A “solid performance” in all is how Mr Craigie described it, and it was.
VIP volume dipped 8% on a tough 2015 comp. But Crown is working on that. More than AU$100 million in reinvestment is slated for Melbourne this year, AU$328 million at Perth, the latter including a total revamp of the rooms and the non-gaming offering, highlighted by the opening of a new hotel featuring 500 six-star rooms, more gourmet restaurants and MICE facilities and more VIP gaming space. A fourth luxury hotel with high-end residences is on the drawing board for Melbourne. Designed by the Crown Sydney architects it will rise 90 stories over the city if approved and carry a price tag of AU$1 billion.
Mr Craigie’s tenure with Crown goes back to 1993 when he was recruited from the Victoria TAB to head Kerry Packer’s slot operations. He’s run the Packers’ Australian casinos since 2002 and has been CEO of Crown Resorts since its inception in 2007.
For the past 16 years, Korea’s Kangwon Land has been living the dream – controlling the only “locals friendly” casino in a country where the locals want nothing more than to play.
Kangwon Land, under the watchful eye of former Gangwon Province Vice Governor Choi Hung-jib, rakes in more profit each year than Korea’s 16 foreigner-only casinos combined.
Last year, annual revenue rose by 9.2% to US$1.3 billion with profit up almost 23% to US$400 million. In the first half of 2016 those numbers rose again with revenue improving 5.9% and profit 27% year-on-year.
It was enough to see Kangwon make the Forbes 2,000 list of the world’s biggest public companies for the very first time, finishing in position 1,928 – good enough to outrank Wynn Resorts!
There is some room for pause, however. Under its current deal, Kangwon Land holds a monopoly on Korean players until 2025 but last month a group from the opposition People’s Party submitted legislation that would authorize a locals casino in the Saemangeum tidal flat area in North Jeolla Province on the country’s south west coast.
Not surprisingly Kangwon has opposed the move citing, “a complete lack of national consensus and policy demand,” but they shouldn’t be too worried just yet. If the massive queues that typify Kangwon’s gaming tables each weekend are anything to go by, it will take more than one competitor on the other side of the country to make a dent.

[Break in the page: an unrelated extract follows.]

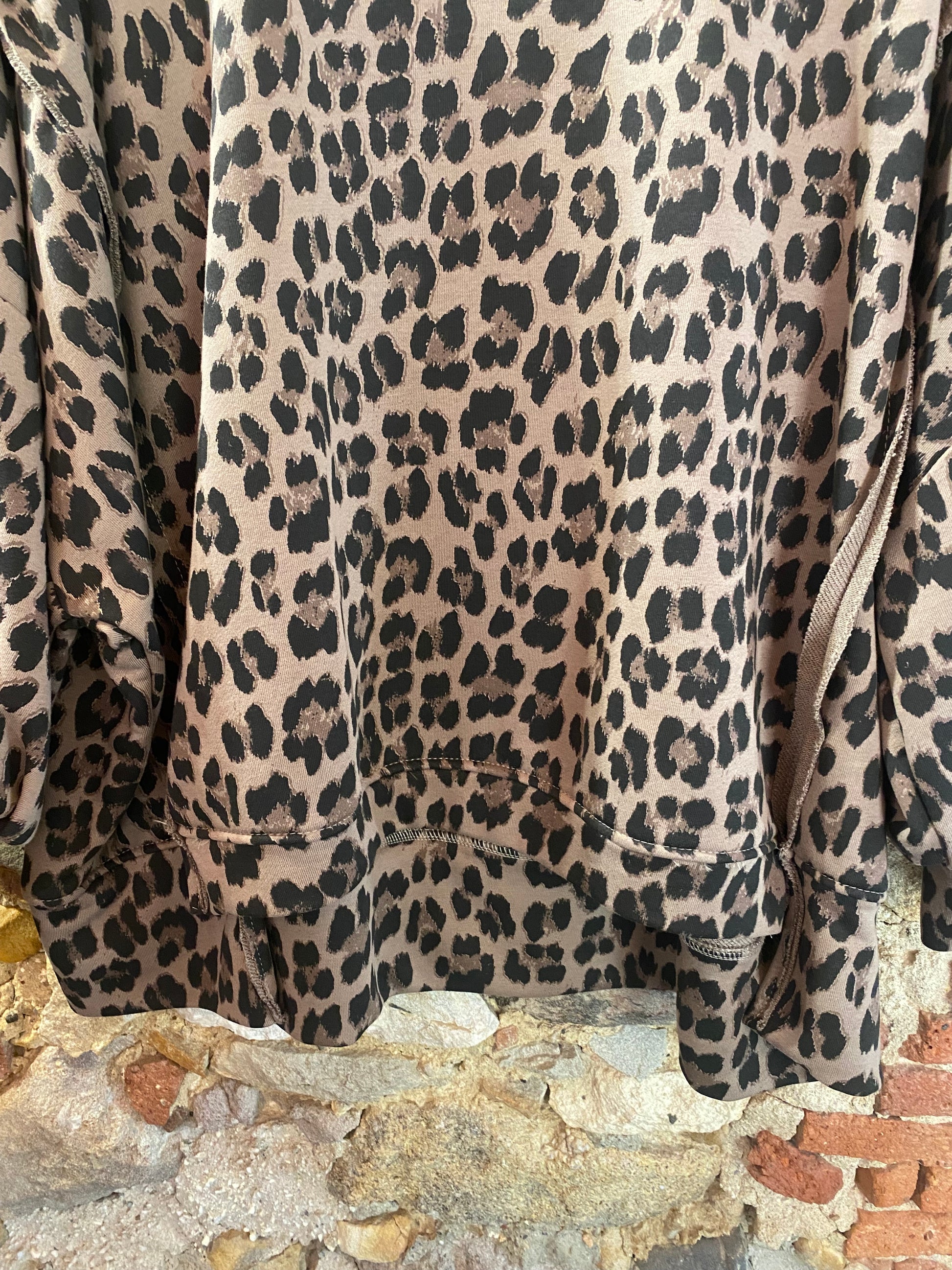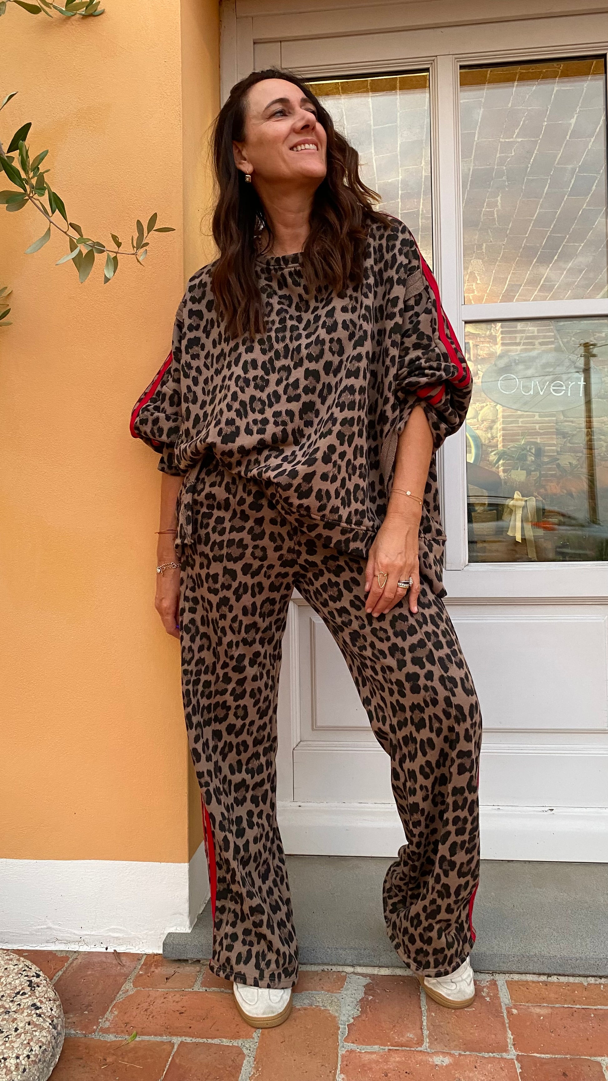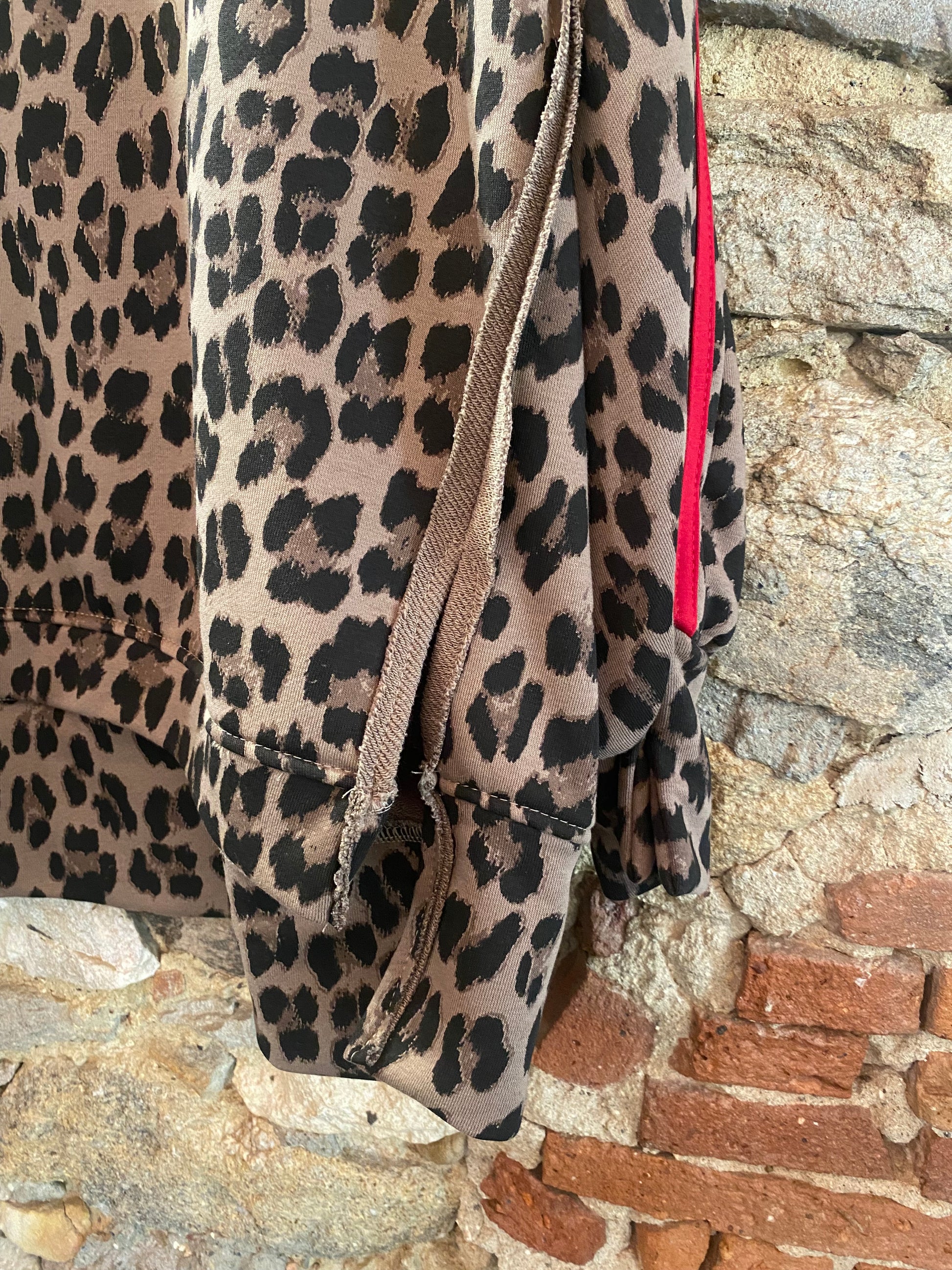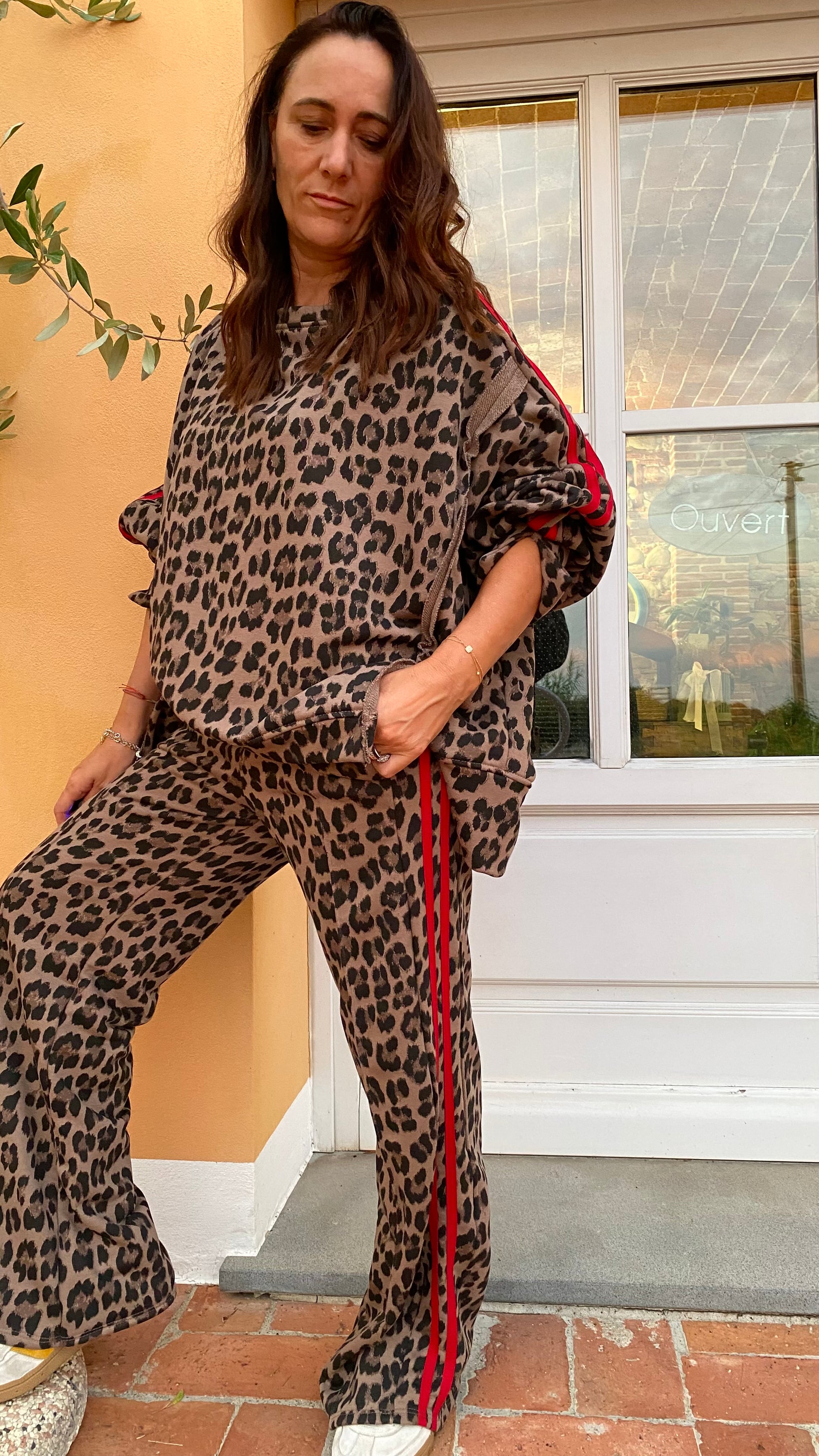 Bellissimo completo in fantasia maculata con rifiniture rosse.

Like everyone else’s, Macau Legend Development’s two casinos aren’t faring well in the current downturn. But Chairman and CEO David Chow is looking overseas for his Hong Kong-listed company’s future, pursuing development deals in Southeast Asia and as far afield as Africa and Europe that would challenge an operator 10 times Macau Legend’s size.
Mr Chow, a protégé of Stanley Ho’s, with whom he shares family ties, has been in the business some 30 years. He’s a former Macau legislator and a member of the committee of movers and shakers that elects the Macau chief executive, the territory’s head of state. He’s plugged. And he’s been working his connections assiduously.
This year alone, the company launched construction of a €250 million (HK$2.16 billion/US$ 278 million) mixed-use resort complex on Cape Verde’s main island of Santiago. It snapped up a Laos casino, the 470-room Savan Vegas, for US$42 million, with the possibility of a license to develop an integrated resort in the same province. And an agreement was reached to develop a resort in Portugal near the popular beach town of Tróia. The €150 million first phase includes a hotel, residences, retail shops, a marina, a sports facility and a machine gaming venue. The company also will participate in a joint venture to own and operate an existing casino in Tróia.
Back home, redevelopment of the company’s principal asset, Macau Fisherman’s Wharf at the Outer Harbour, is making progress. The first new hotel, the Harbourview, opened last February with 444 rooms and suites. The first of two five-star hotels, the 229 room Legend Palace, is scheduled for a soft opening in the fourth quarter. It includes a casino. Other planned attractions include a yacht club and public pier and a canopied open-air shopping and dining promenade.